Lo he escuchado tantas veces... Y sin embargo tengo que decirlo: a mí me ha pasado de verdad, no es una fantasía de la mente ni algo traumático. O sentirme perseguido en mi imaginación.

 

Aprendí herrería. Mi nombre es Petre. Mi espíritu es de aldeano, siempre fui aldeano. Podría decir que aprendí herrería de casualidad porque me encontré con un hombre muy muy bueno que no discriminaba.

Al comienzo me miró, me lo dijo de una manera directa pero no por ofenderme:

-¿Eres un piel cobriza?

-Sí -asentí, ya con temor de ser rechazado.

-Ven. ¿Quieres aprender a forjar el metal?

-Sí, me gustaría mucho.

-Entonces te enseñaré.

-No tengo para pagarte.

-No me tendrás que pagar, te daré un albergue detrás de mi casa y te daré comida, pero mientras aprendes serás mi ayudante.

-No tengo como agradecerle -exclamé. Me dijo que se llamaba Elías, le dije que mi nombre era Petre. Le conté mi historia. Teníamos una comunidad en un valle y vinieron unos soldados y nos atacaron. Yo era pequeño, masacraron a todo el valle.

El herrero Elías me miró.

-¿Por qué?

-No me olvido del rostro de algunos de ellos a pesar de que pasaron tantos años. Era un niño, me había escondido en unas parvas de heno y no me vieron. Dijeron: "El rey blanco debe estar contento de que acabamos con todos los pieles cobrizas".

-Lo lamento, hijo -me dijo el herrero, no se puede volver al pasado, no se puede hacer nada.

 

El hombre era viudo sin hijos, y mientras me enseñaba el arte de la herrería, un oficio digno y valioso, me dijo:

-Con esto seguramente tendrás un buen futuro. Hay dos cosas que piden: espadas y herraduras para los caballos. Mientras tú cumplas nadie se meterá contigo. Los herreros somos valiosos, nadie los mata. Adopta un perfil bajo, no te metas con nadie. No hace falta que seas servil pero sí atento.

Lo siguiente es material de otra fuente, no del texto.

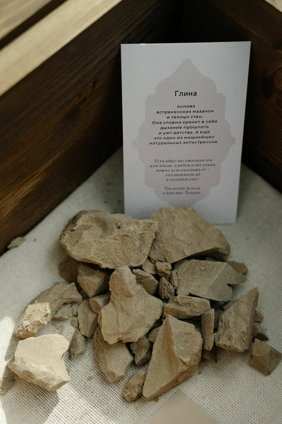 3. Особая деталь - интерактивные шкатулки с глиной, лотосами, ветками и другими символами региона и пары, которые дополняли карточки-истории: гости могли смотреть, трогать, вдыхать ароматы и читать, как каждый объект связан с Астраханью и героями.

-¿Y qué hago con mi interior? -le pregunté.

-No entiendo, Petre.

-Claro, en mi cabeza tengo mil ideas; siempre quise ser noble, tener una buena vida, vivir en un lugar cálido en invierno y fresco en verano, poder bañarme en una tina con agua tibia cuando cae la nieve, tener ropa para cambiarme, botas nuevas.

-¿Estás disconforme con tu vida, Petre?

-¡Ay! No sé, no sé lo que siento por dentro.

-¿Has tenido pareja?

-He salido con un par de chicas pero no... no les habré caído en gracia. Una era muy afectuosa, me acariciaba el cabello y me decía: "Eres un buen joven".

Elías frunció el ceño y me dijo:

-¿Eso te parece mal?

-Sí, me parece mal, me parece mal porque me da la impresión que cuando una mujer te acaricia y te dice: "Eres una buena persona, qué bueno que eres", te está mirando con ojos de hermana, ¡je, je! Si le atraes a una mujer no te dice "Qué bueno que eres".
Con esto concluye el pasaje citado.